Everything from the first line of the data through the line with "生ハムとサラミの盛り合わせ これはサラダ" is to be echoed exactly, minus the pictures.

*** Data under study ***

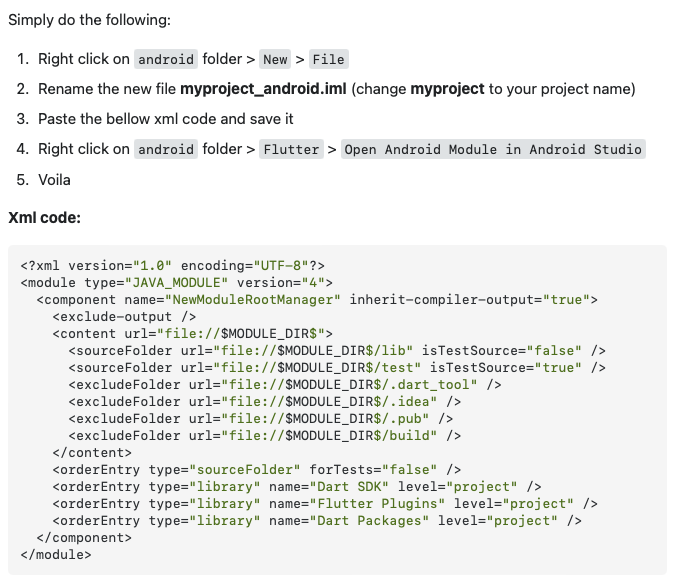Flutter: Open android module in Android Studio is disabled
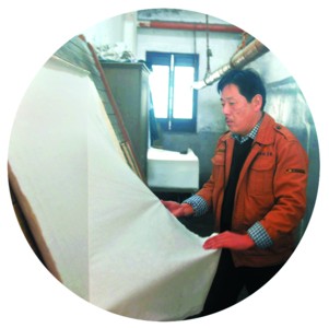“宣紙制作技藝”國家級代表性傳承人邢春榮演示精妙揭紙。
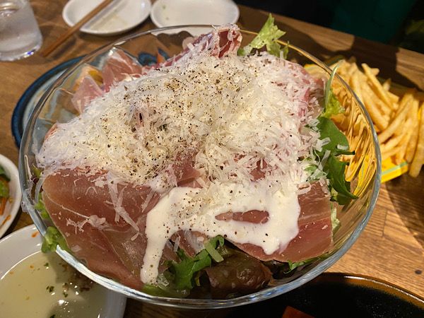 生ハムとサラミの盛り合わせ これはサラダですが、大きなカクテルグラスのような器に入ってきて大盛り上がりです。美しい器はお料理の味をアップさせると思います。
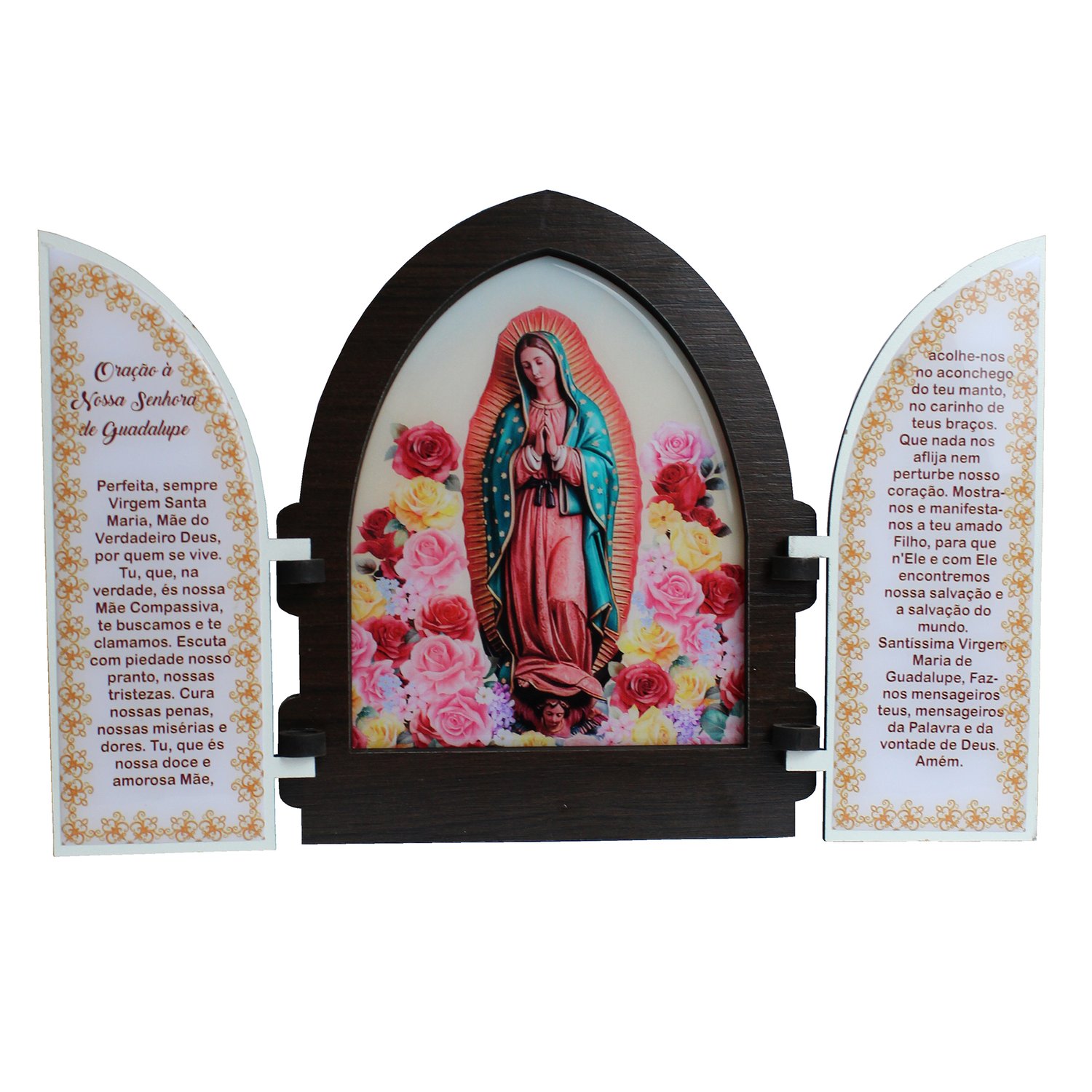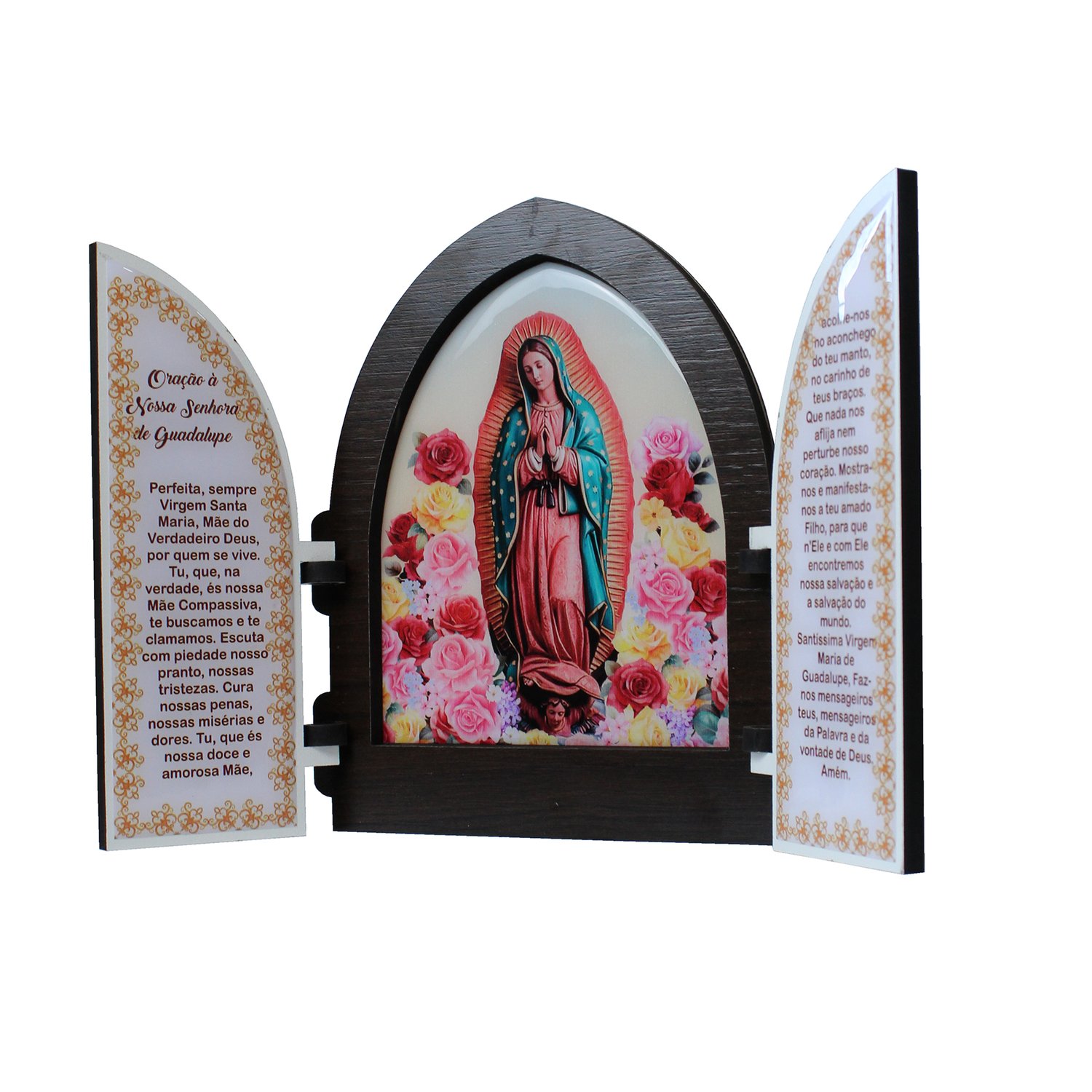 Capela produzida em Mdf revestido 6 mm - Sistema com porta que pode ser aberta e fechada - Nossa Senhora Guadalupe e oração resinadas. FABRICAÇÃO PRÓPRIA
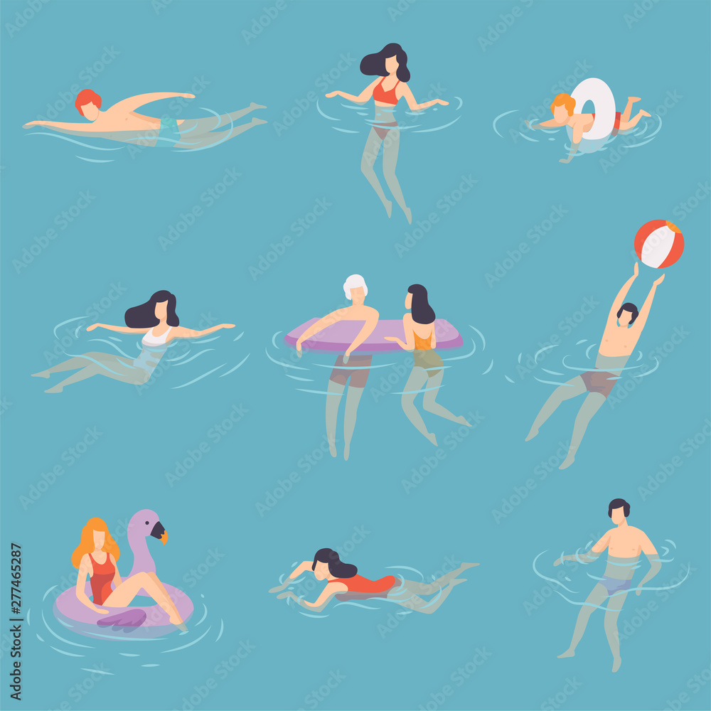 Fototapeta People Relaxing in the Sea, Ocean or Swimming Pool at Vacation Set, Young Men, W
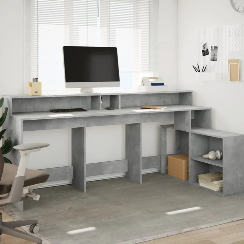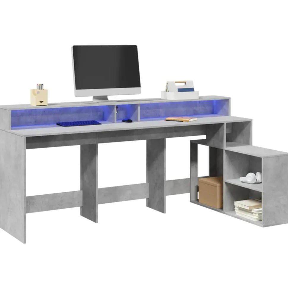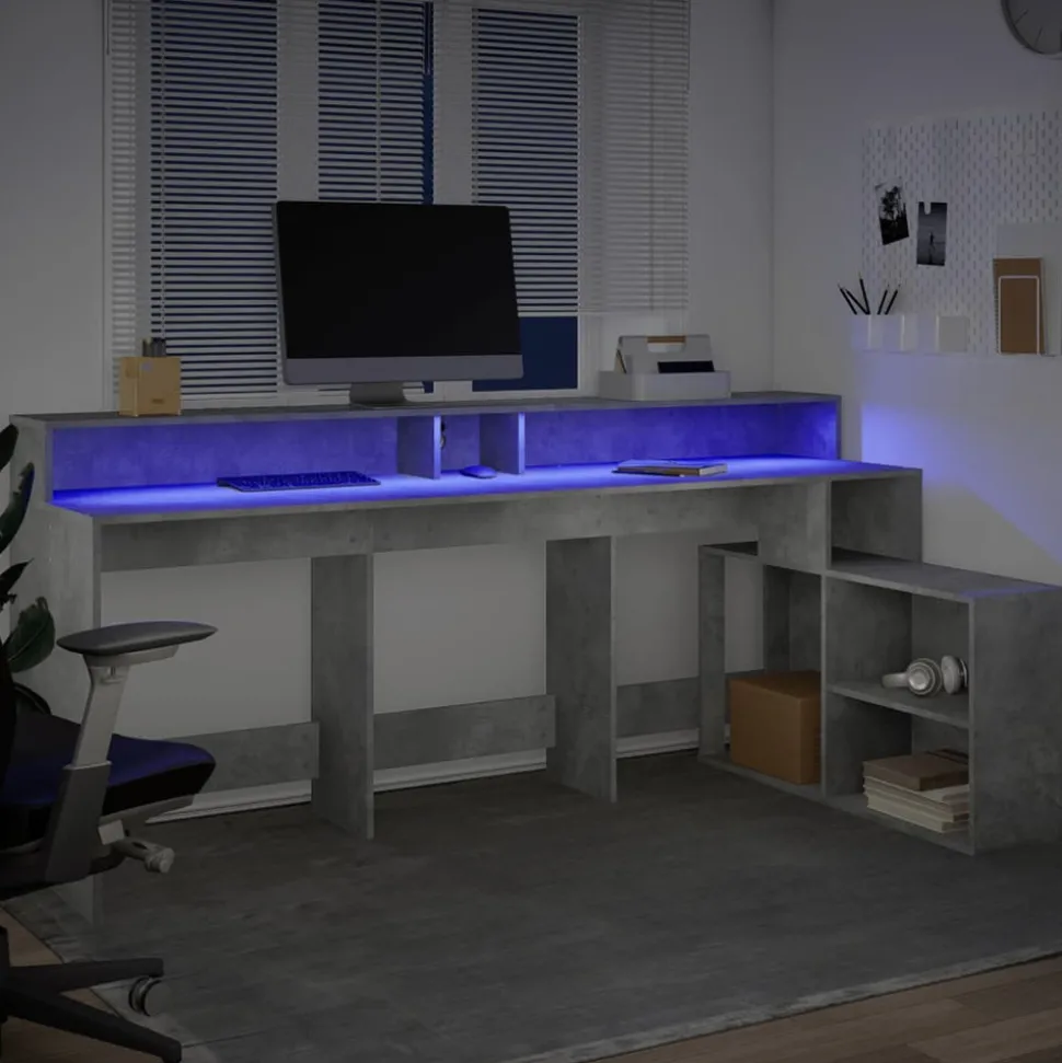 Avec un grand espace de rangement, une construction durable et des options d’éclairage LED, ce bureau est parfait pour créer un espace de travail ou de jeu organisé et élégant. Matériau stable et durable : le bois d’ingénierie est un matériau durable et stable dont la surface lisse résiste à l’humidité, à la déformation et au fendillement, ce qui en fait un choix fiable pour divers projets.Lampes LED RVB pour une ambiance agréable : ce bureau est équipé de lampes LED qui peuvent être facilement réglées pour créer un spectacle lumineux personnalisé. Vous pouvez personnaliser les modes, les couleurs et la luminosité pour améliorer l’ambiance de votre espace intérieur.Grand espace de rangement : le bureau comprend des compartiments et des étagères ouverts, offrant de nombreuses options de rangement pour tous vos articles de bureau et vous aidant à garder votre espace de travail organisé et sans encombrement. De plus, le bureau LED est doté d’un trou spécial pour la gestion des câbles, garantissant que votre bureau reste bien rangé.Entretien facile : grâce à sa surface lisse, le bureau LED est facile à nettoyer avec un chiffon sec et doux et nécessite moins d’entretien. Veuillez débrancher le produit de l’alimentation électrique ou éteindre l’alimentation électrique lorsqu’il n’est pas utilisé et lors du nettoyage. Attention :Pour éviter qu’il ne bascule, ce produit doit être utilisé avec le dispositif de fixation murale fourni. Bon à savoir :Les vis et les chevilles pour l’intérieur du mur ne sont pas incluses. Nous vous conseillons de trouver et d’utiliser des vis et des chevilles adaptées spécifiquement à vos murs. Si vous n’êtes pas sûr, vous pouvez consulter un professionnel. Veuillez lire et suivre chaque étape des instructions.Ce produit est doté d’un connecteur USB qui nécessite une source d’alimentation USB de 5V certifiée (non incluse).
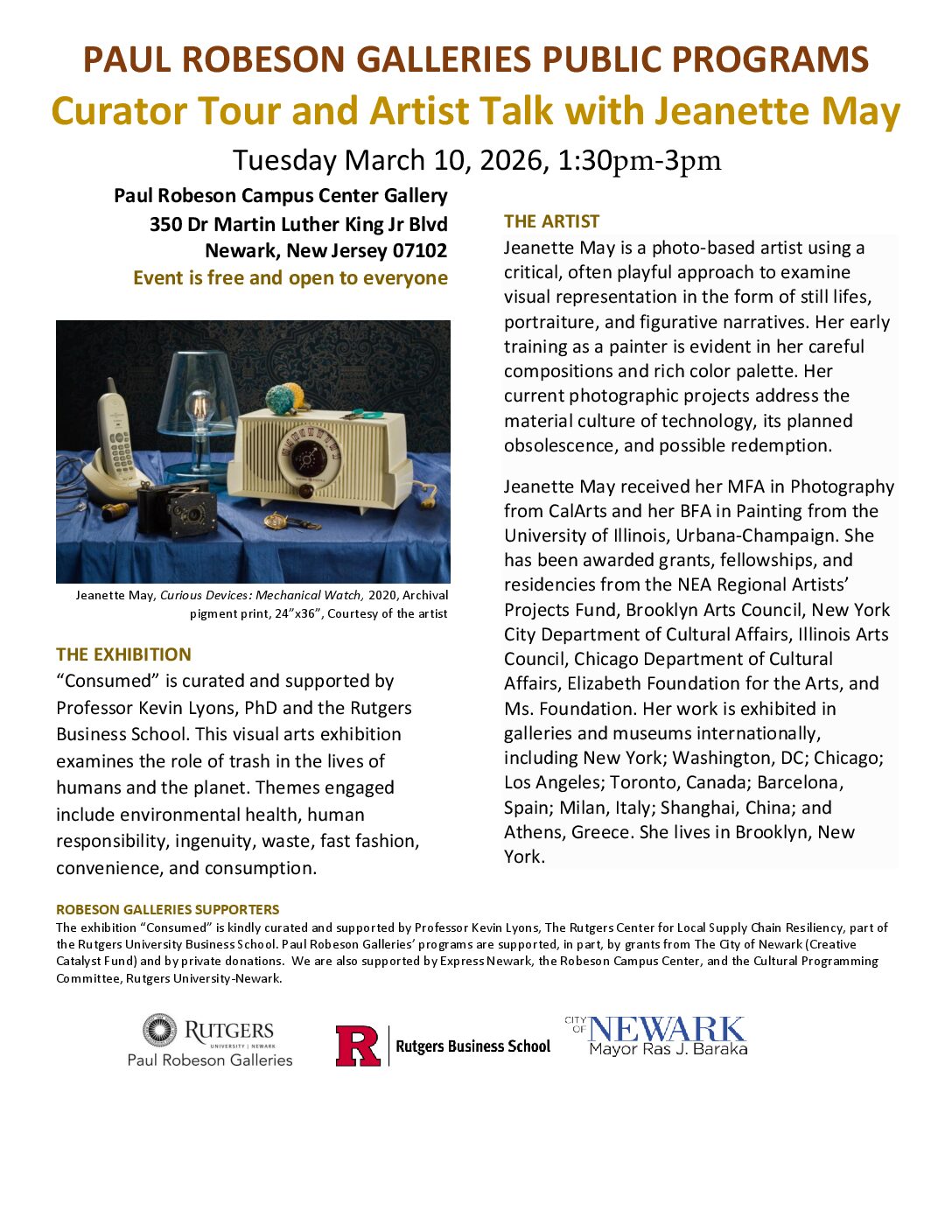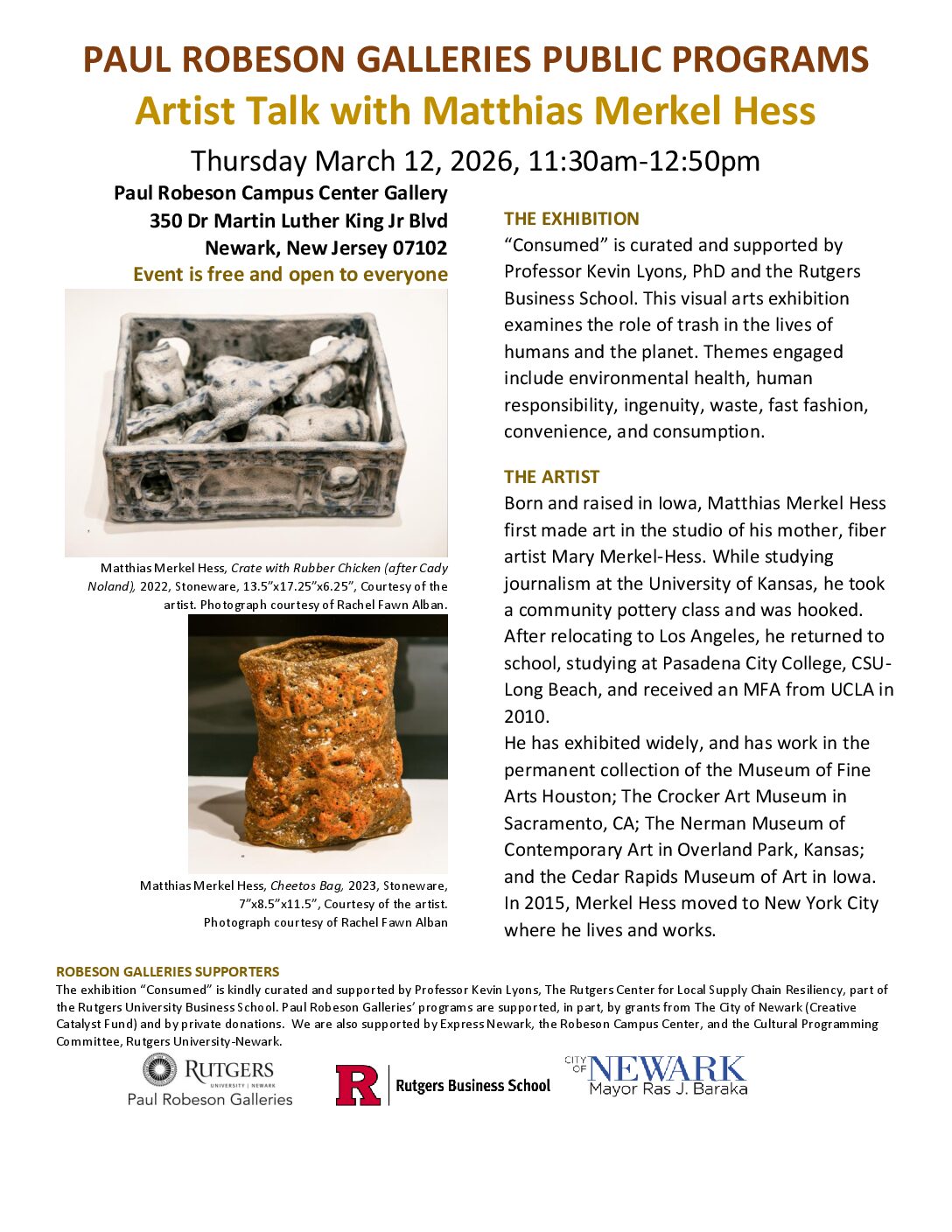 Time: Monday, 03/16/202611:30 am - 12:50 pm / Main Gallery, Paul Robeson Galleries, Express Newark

*** End of Data under study ***

**Reply**
Flutter: Open android module in Android Studio is disabled
“宣紙制作技藝”國家級代表性傳承人邢春榮演示精妙揭紙。
 生ハムとサラミの盛り合わせ これはサラダですが、大きなカクテルグラスのような器に入ってきて大盛り上がりです。美しい器はお料理の味をアップさせると思います。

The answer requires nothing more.